Following a further tightening by censors of restrictions on international internet access in China, new rules regarding internet usage were announced last Friday. All internet users in China must now provide their ISP with their official names, and ISPs are now forced to delete controversial postings and report the posters to the authorities.

The new regulations, enforced by the Standing Committee of the National People’s Congress, allow users to adopt pseudonyms when posting online, but forces them to provide their true identities to their ISPs and smart-phone network providers. Politically sensitive postings are already met by arrests and jail time, with the new law making it far easier to chase and catch posters on China’s vibrant Twitter-style blogs.

Foreign businesses in China are concerned about the new regulations’ effect on the protection of commercial secrets and the need for expat employees to contact overseas websites, including those of Bloomberg and the New York Times, seen by the Chinese government as politically sensitive. Until now, China’s ISPs have been reluctant to comply with increased enforcement as they fear desertion by their customers but the new regulations show more legal teeth than those previously issued.

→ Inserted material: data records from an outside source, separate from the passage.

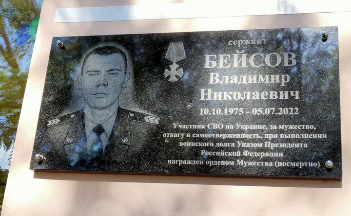 В селе Кулешовка на фасаде школы №17 открыли мемориальную доску в память о Владимире Бейсове, который погиб в ходе специальной военной операции. Об этом сообщили 5 мая в администрации Азовского района.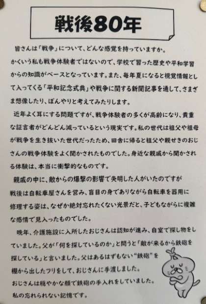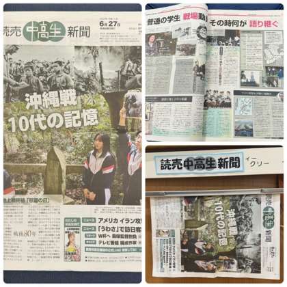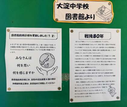 今年は戦後80年、図書館の掲示板につられて、読売中学生新聞を読みに来ました。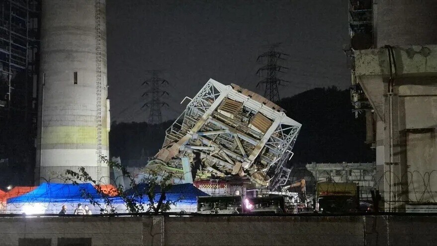 지난 6일 오후 2시2분께 붕괴사고가 발생하면서 높이 60m짜리 보일러 타워의 25m 지점에서 작업하던 노동자 7명이 매몰됐다. 이 가운데 사망자는 3명, 사망추정 2명, 실종자 2명이다. 사망 또는 사망추정 희생자 가운데는 2구의 주검만 수습했다.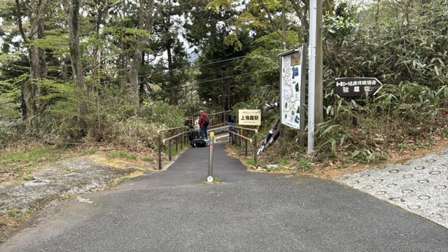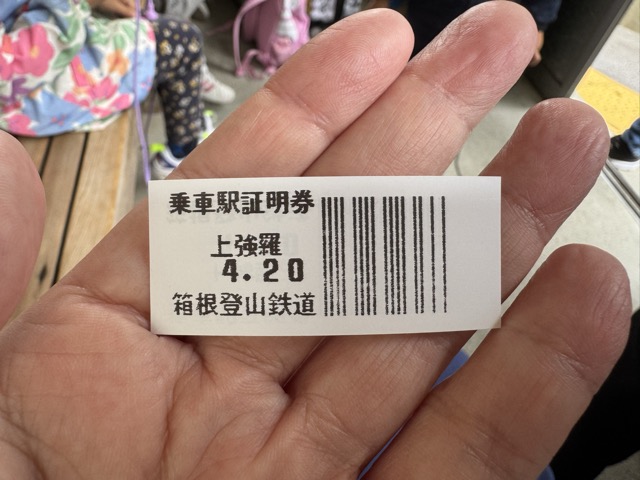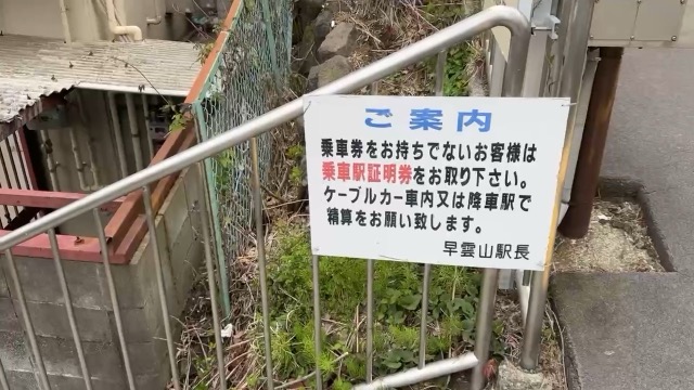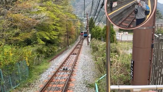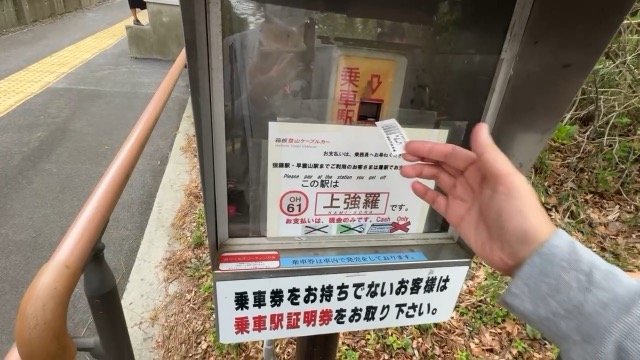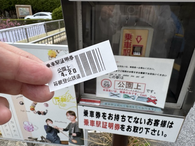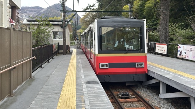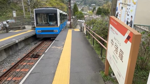 中強羅駅からほぼ線路沿いに徒歩300mの公園上(こうえんかみ)駅より乗車駅証明券取って箱根登山ケーブルカー各停強羅行きに乗車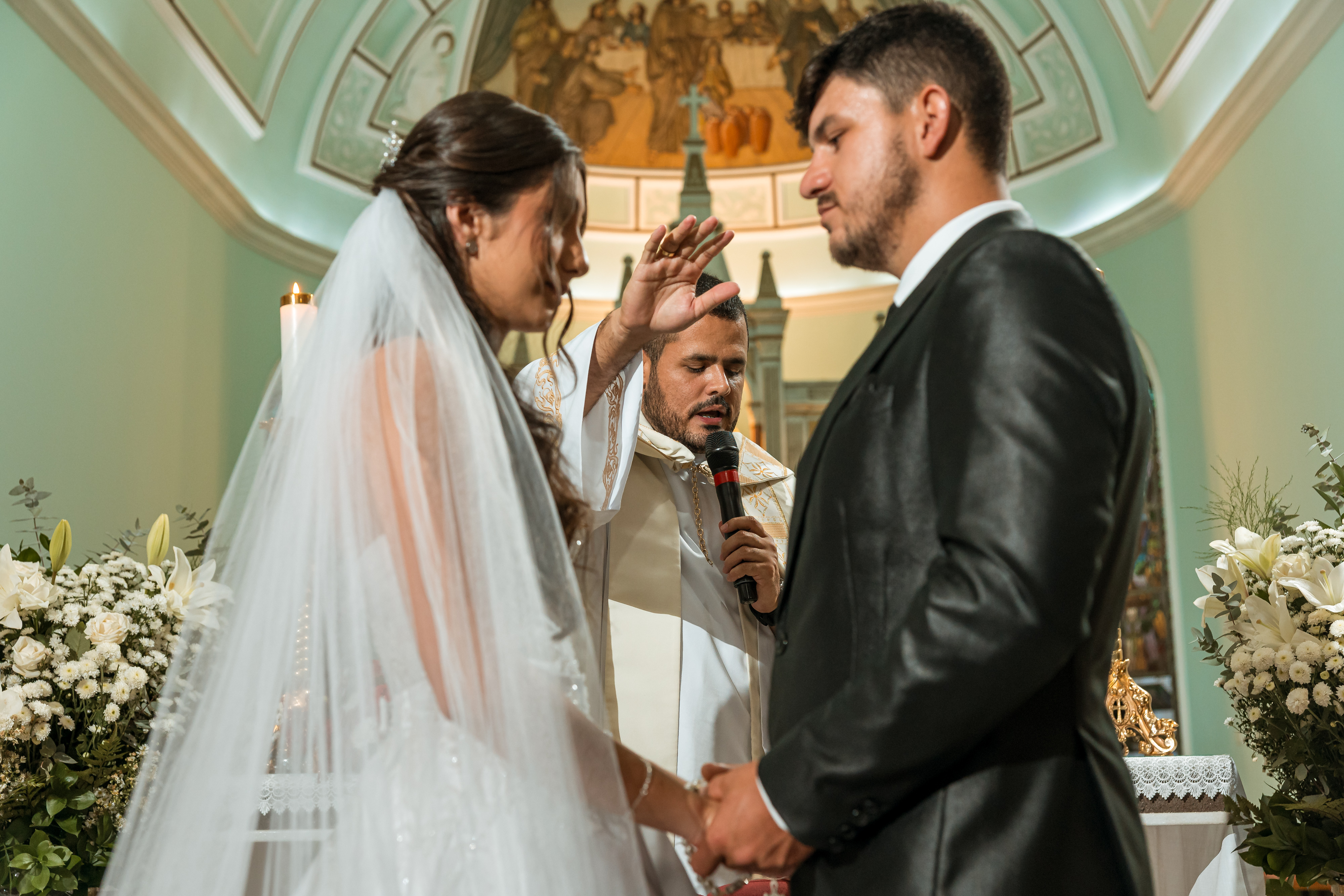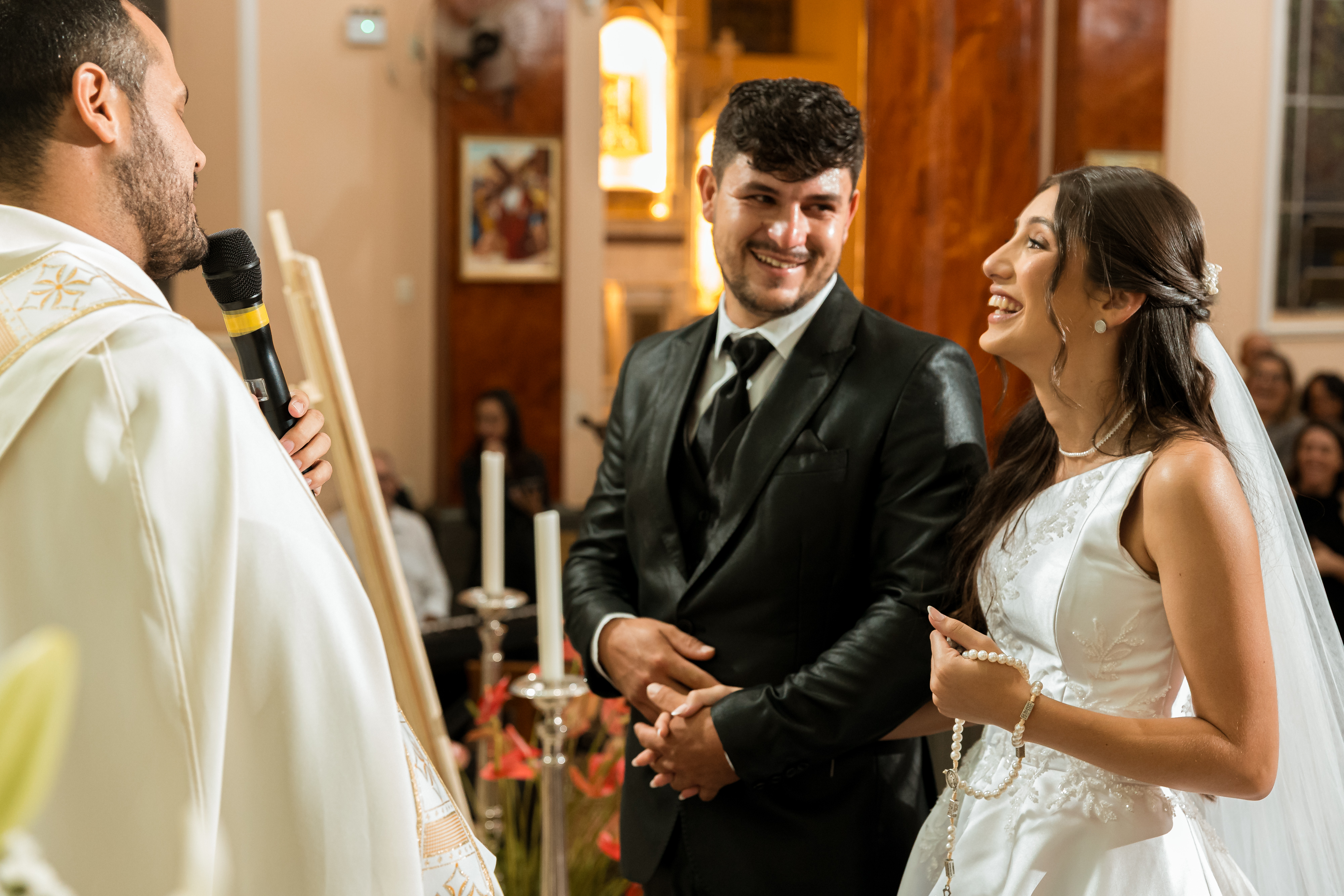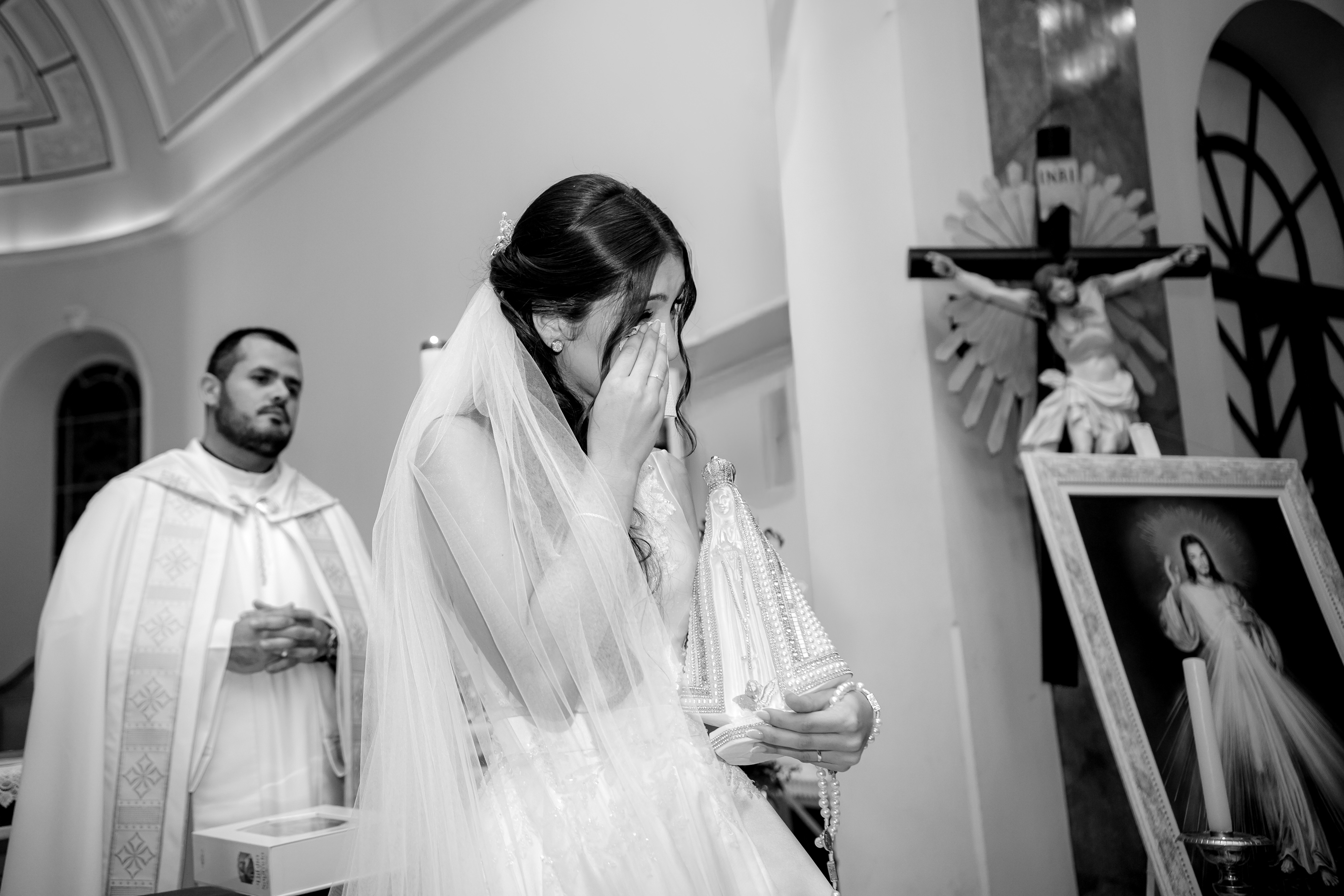 Depois vem a igreja, a fé, a emoção das famílias, os olhares entre os dois, a força do sacramento e a alegria que foi crescendo até a saída. É uma página sobre um casamento, claro, mas também sobre a delicadeza de uma noiva que chegou inteira até o último minuto e sobre tudo o que isso deixou mais verdadeiro quando finalmente os dois se encontraram diante de Deus.

Of particular concern to overseas businesses based in China is the government’s increased blocking of VPNs (virtual private networks), used to encrypt communication via computer in order to protect material from spying by state-owned companies and government agencies. The VPN protocol also circumvents the blocking of Western sites covering subjects seen as politically sensitive, but is now under threat from new government identifying and blocking techniques.